Murray held the hearing to get answers on why the funding her subcommittee provides is not being better spent to serve the passengers, airlines, and taxpayers. She also explored the treatment of FAA inspectors, including the charges that their complaints were suppressed and that airlines were able to concoct phony complaints to retaliate. And she discussed how a lack of clarity and consistency in FAA enforcement has cost airlines and passengers.

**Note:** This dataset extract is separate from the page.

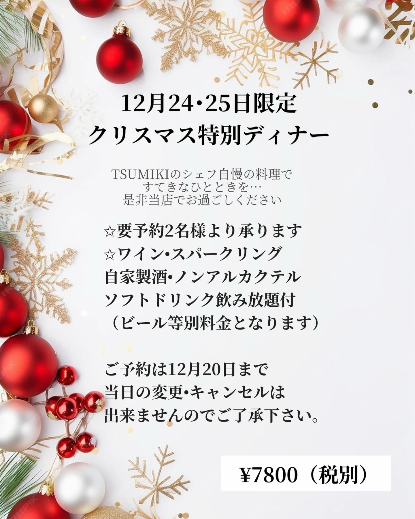 ご家族や恋人、楽しい仲間達とのクリスマスパーティーにぴったりです

Senator Murray’s opening statement from the hearing follows:
These are troubling times for airline passengers and the entire aviation industry. In the last year, we have seen jet fuel prices climb by almost 70 percent. In the last two weeks, three airlines declared bankruptcy. And two days ago, we learned of a planned mega-merger to create the nation’s largest U.S. airline. More mergers could be announced soon. With all this disruption, the millions of passengers who take to the skies in our country each year need to be sure that the agency in charge of enforcing safety is consistent and effective.

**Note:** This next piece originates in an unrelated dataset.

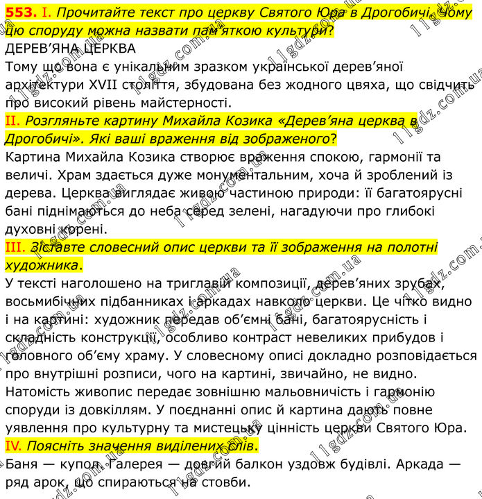 553. І. Прочитайте текст про церкву Святого Юра в Дрогобичі. Чому цю споруду можна назвати пам’яткою культури? ДЕРЕВ’ЯНА ЦЕРКВА Тому що вона є унікальним зразком української дерев’яної архітектури XVII століття, збудована без жодного цвяха, що свідчить про високий рівень майстерності. II. Розгляньте картину Михайла Козика «Дерев’яна церква в Дрогобичі». Які ваші враження від зображеного? Картина Михайла Козика створює враження спокою, гармонії та величі. Храм здається дуже монументальним, хоча й зроблений із дерева. Церква виглядає живою частиною природи: її багатоярусні бані піднімаються до неба серед зелені, нагадуючи про глибокі духовні корені. III. Зіставте словесний опис церкви та її зображення на полотні художника. У тексті наголошено на триглавій композиції, дерев’яних зрубах, восьмибічних підбанниках і аркадах навколо церкви. Це чітко видно і на картині: художник передав об’ємні бані, багатоярусність і складність конструкції, особливо контраст невеликих прибудов і головного об’єму храму. У словесному описі докладно розповідається про внутрішні розписи, чого на картині, звичайно, не видно. Натомість живопис передає зовнішню мальовничість і гармонію споруди із довкіллям. У поєднанні опис й картина дають повне уявлення про культурну та мистецьку цінність церкви Святого Юра. IV. Поясніть значення виділених слів. Баня — купол. Галерея — довгий балкон уздовж будівлі. Аркада — ряд арок, що спираються на стовби.

But instead, the FAA has been inconsistent and erratic. And passengers are angry and upset. I am very concerned. I – and the Department of Transportation’s Inspector General – have been sounding the alarm for years about problems in the FAA’s flight standards program.

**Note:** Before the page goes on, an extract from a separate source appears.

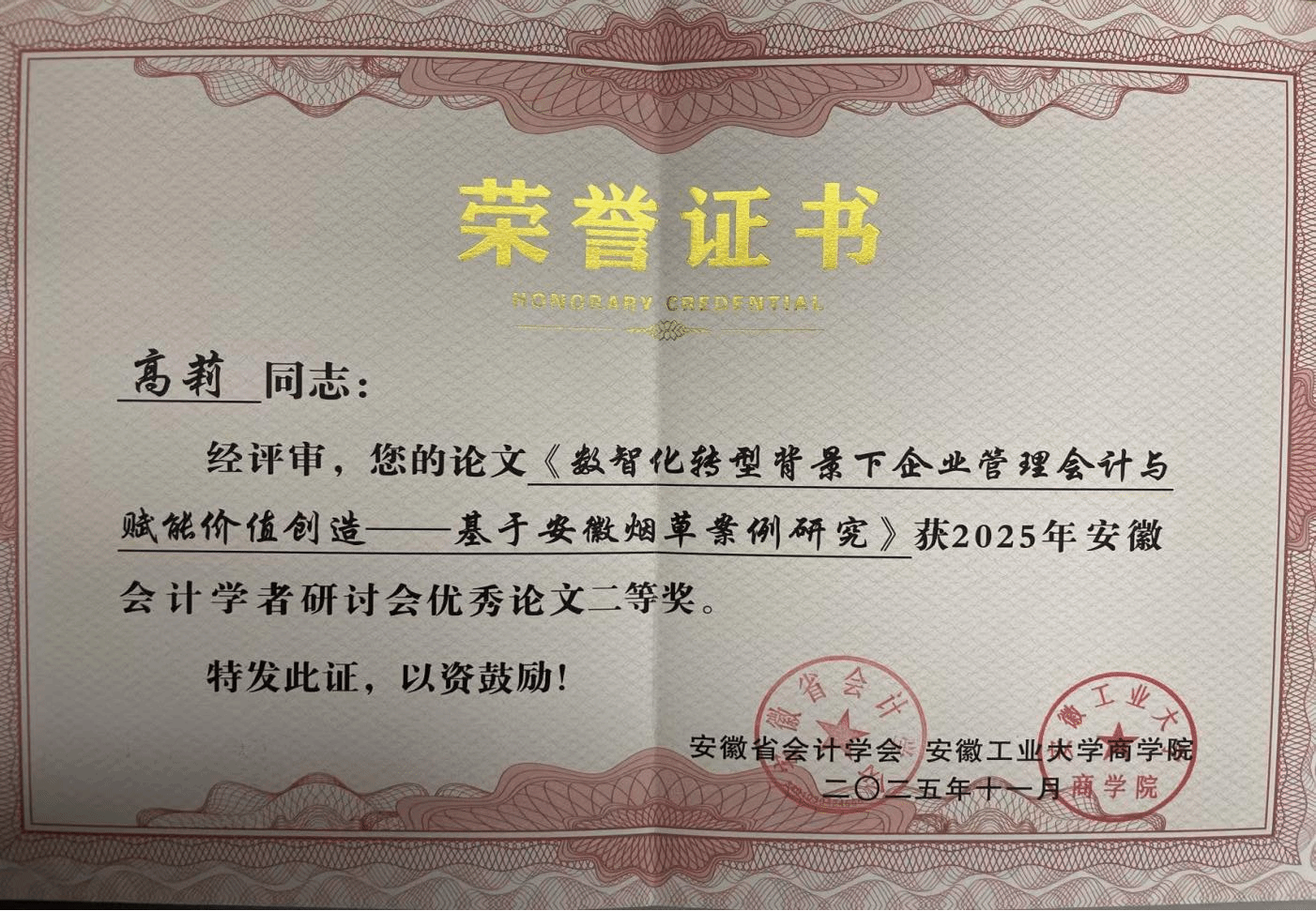 研讨会上,我院高莉老师汇报了撰写的论文《数智化转型背景下企业管理会计与赋能价值创造—基于安徽烟草案例研究》。该论文围绕“数智化转型背景下的企业管理会计创新”展开深入研究,系统梳理了相关领域的研究现状,通过案例分析、实证研究等方法揭示了关键问题与解决路径。论文得到了与会专家的一致好评,荣获研讨会“优秀征文二等奖”。

Yet we have seen repeated problems. Most recently, we learned that managers at the FAA allowed Southwest Airlines to violate federal safety regulations. And it punished the safety inspector who tried to bring the violations to light. Some observers inside the government have tried to blame it all on a few bad apples at one inspection office in Dallas. Texas. But I don’t buy it. And I want to know how the FAA will ensure to the flying public that it is meeting its core duty to enforce safety.
For four of the last seven years, this Subcommittee has provided more money for safety oversight than the Bush Administration or its FAA Administrators have requested. It didn’t matter if Senator Shelby was Chairman, if I was Chairman, or if Senator Bond was Chairman.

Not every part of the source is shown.